I have created a tool in python to extract and transform UNIHAN database's
information. It’s open source (MIT-licensed) and offers users customized
outputs. It’s documented extensively at https://unihan-etl.git-pull.com. In
addition, the project’s source code can be found at
https://github.com/cihai/unihan-etl.
I paired off this tool due to the time-effort of studying the fields and
extracting the information correctly. The hope is that one day a traveller
going down the same path can find this useful.
It has been mentioned before on this list at least once, back in 2004:
http://unicode.org/mail-arch/unicode-ml/y2004-m04/0255.html
> I'm trying to pare Unihan.txt down to a less unwieldy size for my own use
by eliminating properties that are of no interest to me and would like to
be certain that eliminating the four properties containing the actual
values for those dictionaries can be done safely because the information
can be reconstituted if necessary from the kIRG* properties since I'm not
certain if those properties are of interest to me.

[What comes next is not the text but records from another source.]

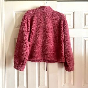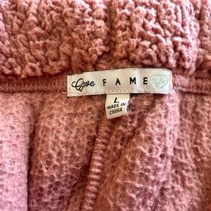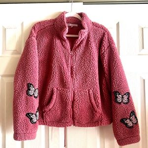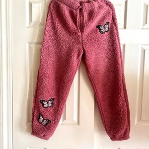 Crave Fame pink sherpa set. Jacket is zippered with embroidered butterflies on both sleeves. Pants are gathered at bottom, embroidered butterflies on hip and bottom of one leg. Jacket is XL, pants are L. 100% polyester, machine wash.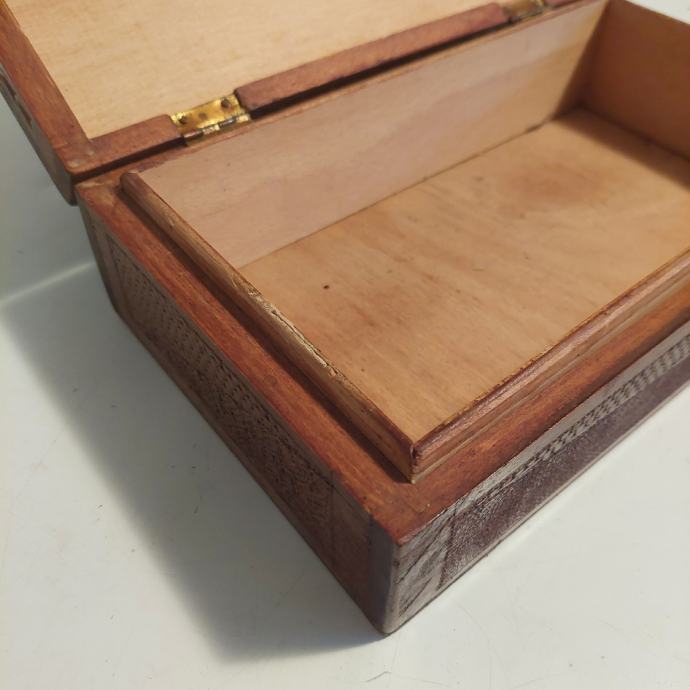 Prodajem ovu lijepu izrezbarenu kutiju za nakit ili prema vašim potrebama. Kutija je dobro sačuvana i bez oštećenja. Dimenzije su prikazane na slikama. Postoji mogućnost dogovora oko prijevoza ili dostave. Za ostale informacije možete me kontaktirati na mob.098 284781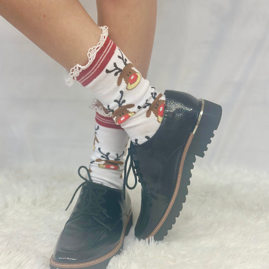 RUDOLPH red reindeer lace topped socks
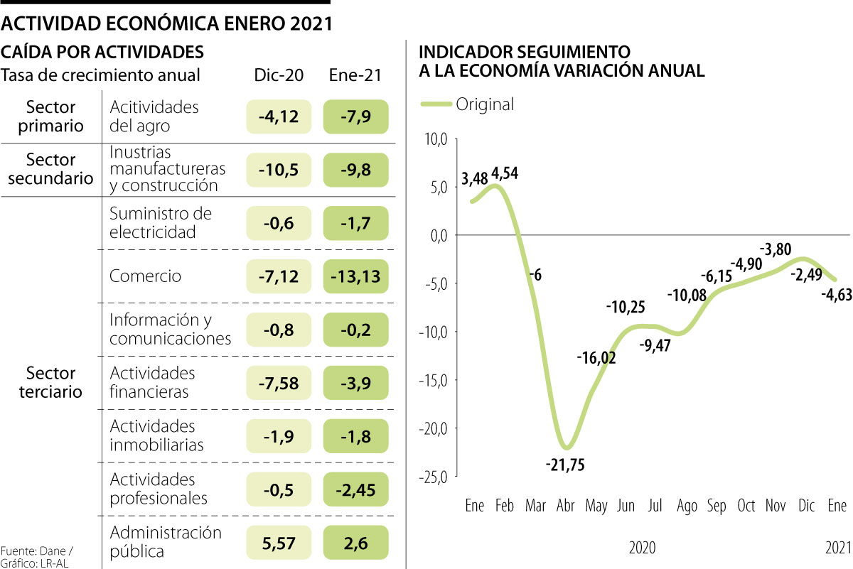 Esto lo corroboran las cifras y el último informe sobre el seguimiento a la economía que realiza el Dane, en el que se evidenció una caída anual en enero de 4,63%, en su serie original, y una caída mensual, en la serie corregida de 1,53% en la actividad económica del país.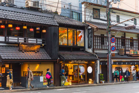 KYOTO, JAPAN - NOVEMBER 7, 2017: View of shops on the city street. Copy space for text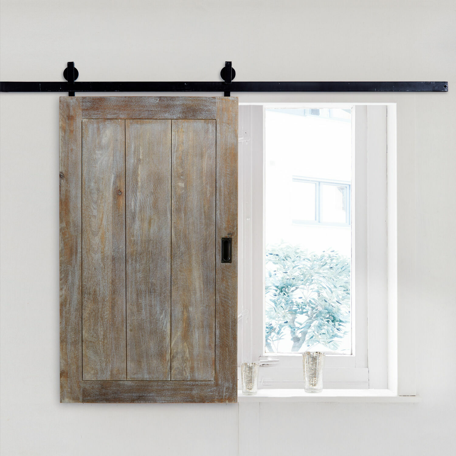 Ein heller, sonnendurchfluteter Raum ist eine Wohltat für alle Sinne. Wenn die Sonne aber zu intensiv wird, ist es mit dem Vergnügen schnell vorbei. In solchen Situationen hat dann ein Shutter seinen großen Auftritt. Denn jetzt darf er aus dem Schattendasein neben dem Fenster treten und sich davorschieben lassen. Und im Nu herrscht angenehm gedämpftes Licht im Raum. Aber auch wenn es Abend und draußen dunkel wird und Sie nicht allen vorbeigehenden Passanten den ungehinderten Blick in Ihre Privaträume gewähren wollen, darf der Shutter in Aktion bzw. vor die Fensterscheibe treten. Und so effektiv seine Funktion, so denkbar komfortabel ist das Handling, denn bei diesem System wird eine Holzplatte auf einer stabilen Laufschiene aus Eisen bewegt – ganz einfach und ohne Kraftaufwand. Ein System, das an funktionale Möbel im Industrial-Style erinnert, während die Holzfläche mit ihrer edlen Optik begeistert. Sie wurde aus massivem Mangoholz gefertigt, das für seine ausdrucksstarke Maserung bekannt ist. Für den Einsatz als Shutter wurde das Mangoholz versiegelt, um es vor Nässe und Co zu schützen, es darf sich aber trotzdem in seiner natürlichen Schönheit zeigen.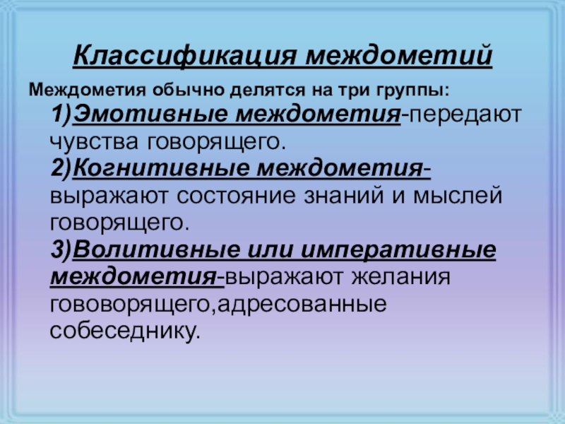 Классификация междометий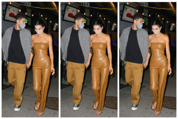 Тем же вечером влюбленные отправились на свидание в итальянский ресторан Carbone. Модель облачилась в карамельный топ с открытыми плечами и брюки с высокой талией. Элегантный образ завершили босоножки с квадратным носком и сумка Louis Vuitton. Что касается Девина, то он выбрал брюки горчичного цвета в тон образу Кендалл, черную футболку и рубашку в клетку.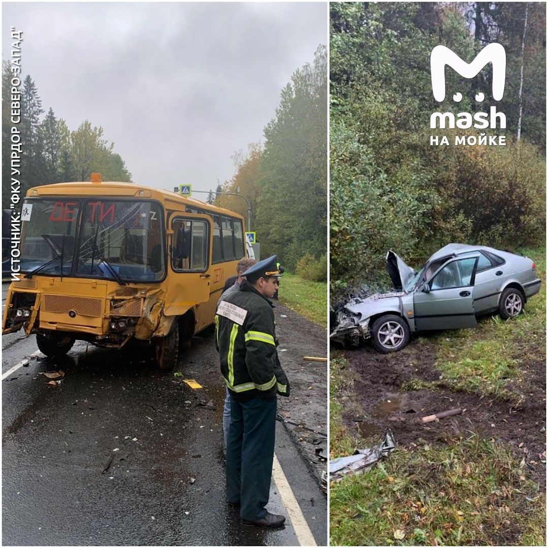 Школьный автобус лоб в лоб столкнулся с легковушкой рядом с Форносово — предварительно, пострадали четверо детей и двое взрослых.
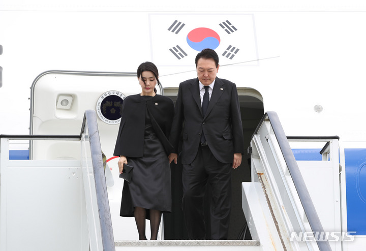 尹大統領夫妻 英ロンドン到着(2/15)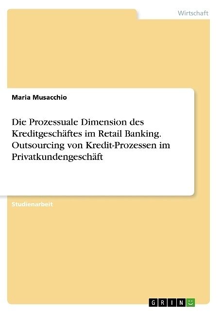 Studienarbeit aus dem Jahr 2017 im Fachbereich BWL - Bank, Börse, Versicherung, Note: 2,0, Hochschule der Sparkassen-Finanzgruppe Bonn, Sprache: Deutsch, Abstract: Das Thema dieser Arbeit beinhaltet die Prozessuale Dimension des Kreditgeschäftes im Retail Bank...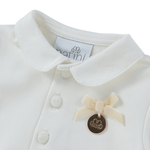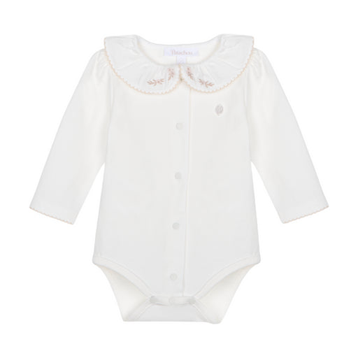 PatachouLief en verfijnd ecru rompertje met kraagje van PatachouKleed je kleintje in pure elegantie met dit schattige ecru rompertje met lange mouwen van P...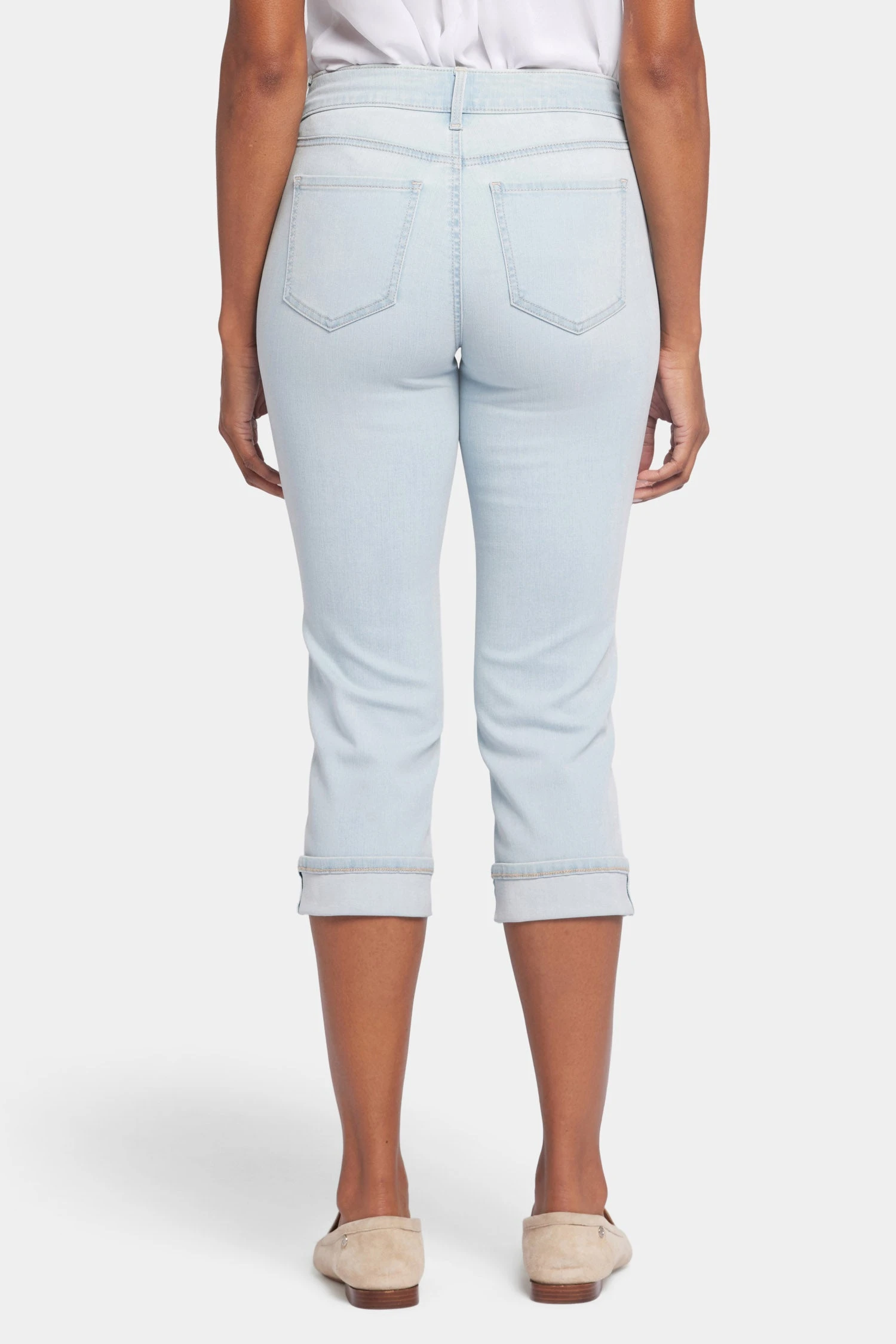 Short and sweet—that’s how we like our warm-weather denim. Meet NYDJ’s Marilyn Straight Crop Jeans in Petite in Cool Embrace® Denim, featuring classic five-pocket styling, a zip fly with button closure and a cuffed hem for an extra touch of attitude.Breathable, temperature-regulating Cool Embrace® Denim keeps you comfortable as the heat rises. Like all NYDJ jeans, this style has our Lift Tuck® Technology, which uses a proprietary slimming panel with a patented criss-cross design to trim your waist. These easy-to-wear, easy-to-love, cropped-length women’s jeans pair perfectly with flats and heels alike. This jean is made with earth-friendly methods that result in reduced consumption of water, chemicals and/or energy.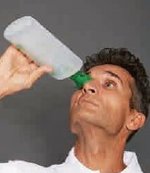 Zum Ausspülen eines Fremdkörpers aus dem Auge ist eine Spülflasche mit Sterilwasser (SW) ausreichend. Hier wird überwiegend eine sterileNatriumchloridlösung (0,9%) eingesetzt, welche dem natürlichen Salzgehalt des Auges entspricht.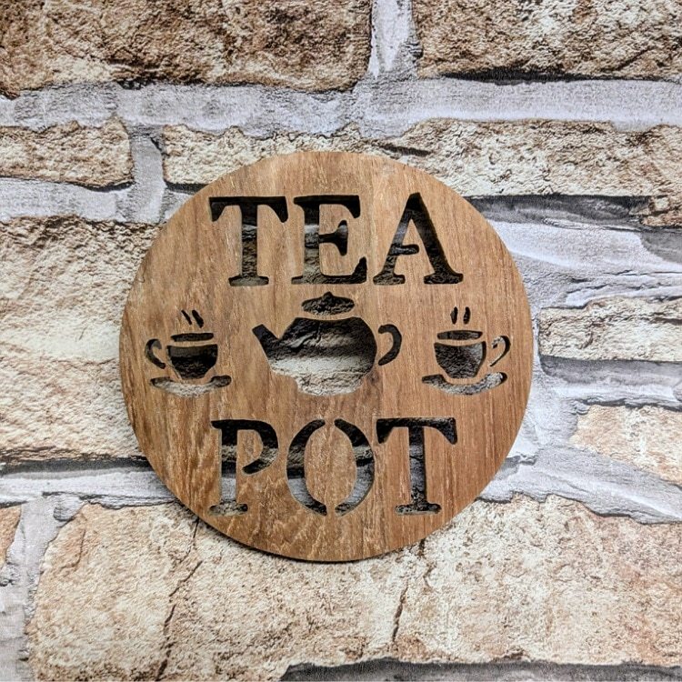 Enhance your tea-drinking experience with our exquisite wooden coasters set. This set includes two coasters: one with a teapot cutout and the other with a cup and saucer design featuring the letter ‘T’. The intricate detailing adds a touch of elegance to your table setting.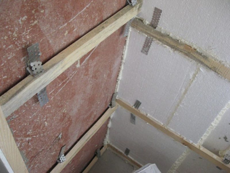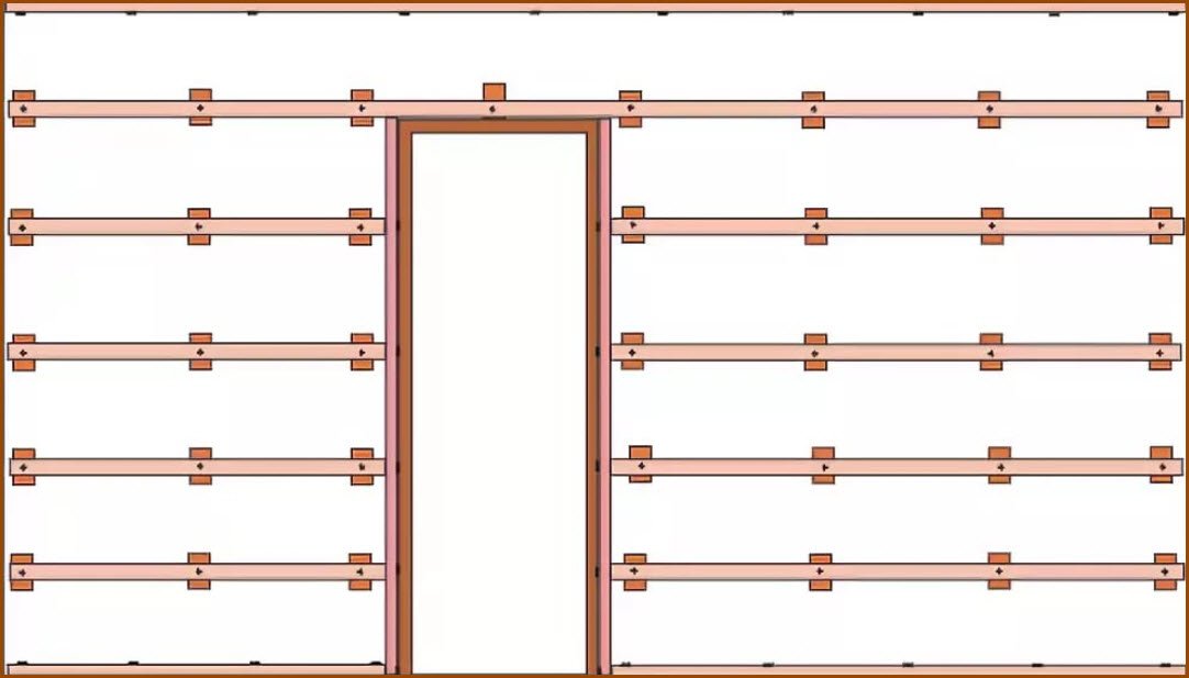 Estamos marcando Listones extremos: superior e inferior se ubicarán a una distancia de 6-7 cm del piso y el techo. Marcamos el techo de la misma manera. Los rieles de rodamiento deben instalarse perpendicularmente a las láminas, que pueden instalarse vertical, horizontal o diagonalmente. El escalón es de 40-50 cm.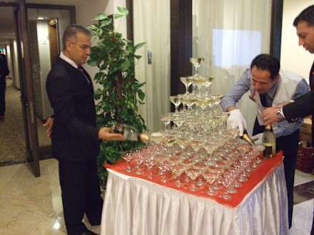 Alle bemühen sich die Gläser zu füllen.

There are developers who may only want to extract a pre-determined set of
fields.
$ pip install —user unihan-etl
And create an export values into a CSV (UNIHAN downloads automatically):
$ unihan-etl
Only pull custom fields (once downloaded, Unihan.zip is cached for reuse):
$ unihan-etl -f kMandarin kNelson kMorohashi
Will only pull out those fields. Let’s get a structured output in JSON
(empty values are pruned automatically):
$ unihan-etl -f kMandarin kNelson kMorohashi -F json
Also, with pyyaml you can use -F yaml, as well.
$ pip install pyyaml
$ unihan-etl -f kMandarin kNelson kMorohashi -F yaml
To see all the command line options:
http://unihan-etl.git-pull.com/en/latest/cli.html
Container format: To keep that data exports as portable as possible, it
follows the Data Packages standard (
http://frictionlessdata.io/data-packages/). This is a trickier data set
since fields compact quite a bit of detail in them. Other data sets such as
CEDict will also be made available as data packages.
Backstory: I am trying to create a spiritual successor to cjklib (
https://pypi.python.org/pypi/cjklib). The project aims to pull in CJK
datasets and make them accessible under one library. Datasets are also
going to be available a la carte via a consistent data standard (Data
Packages). I am opting to use UNIHAN database as a core of the CJK data
sources. The project’s homepage is https://cihai.git-pull.com.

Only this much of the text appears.